You can shift the singular point away from the origin for the expansion by using $\log(x+\epsilon)$ instead of $\log(x)$ and take the leading order term in $\epsilon$. With this, you can indeed directly use InverseSeries command, which gives

  Normal[Series[InverseSeries[Series[Sum[x^n (c[n] Log[x + \[Epsilon]]+ b[n]), {n, 0, 4}], {x, 0, 4}], S], {\[Epsilon], 0, 1}]]

$$\frac{\epsilon (-b(0)-c(0) \log (\epsilon )+S)^4}{24 c(0)^4}+\frac{\epsilon (-b(0)-c(0) \log (\epsilon )+S)^3}{6 c(0)^3}+\frac{\epsilon (-b(0)-c(0) \log (\epsilon )+S)^2}{2 c(0)^2}+\frac{\epsilon (-b(0)-c(0) \log (\epsilon )+S)}{c(0)}$$

At this point, if you take $\epsilon\to 0$, you get the result 0. However, you can think of this as if you are working with the function $x(S,\epsilon)$ instead of $x(S)\equiv x(S,\epsilon=0)$, and then take $\epsilon\to 0$ at the very end of your overall calculations.

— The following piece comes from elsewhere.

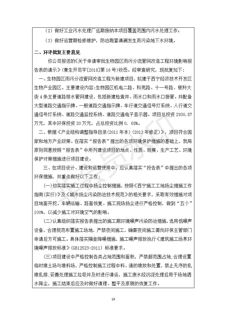 生物園區(qū)雨污分流管網(wǎng)改造工程竣工環(huán)境保護(hù)驗(yàn)收調(diào)查表 公示發(fā)布日期:(2018-12-21) 點(diǎn)擊次數(shù):2818 |
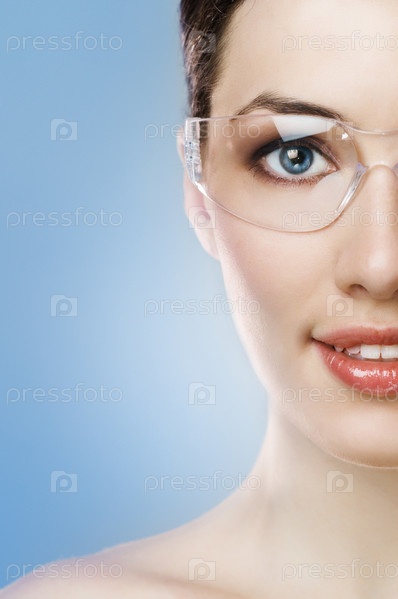 Красивая девушка в очках на голубом фоне

By the way, notice that at leading order in $\epsilon$, only $n=0$ terms contribute.


More natural way to do this than the approach above is to consider the series expansion around a non-singular point, say $x=1$ as @Mariusz suggests.

One also observes same problem for similar cases; for example, if we replace $\log(x)$ with $e^{1/x}$, we get the same problem, and same approach, replacing $x$ with $x+\epsilon$ works there too.

Note that I am not taking into account how you deal with the branch cut: Depending on the specific problem at hand, you may prefer $\log(x\pm\epsilon)$ or even $\log(x\pm i \epsilon)$ for positive infinitesimal $\epsilon$.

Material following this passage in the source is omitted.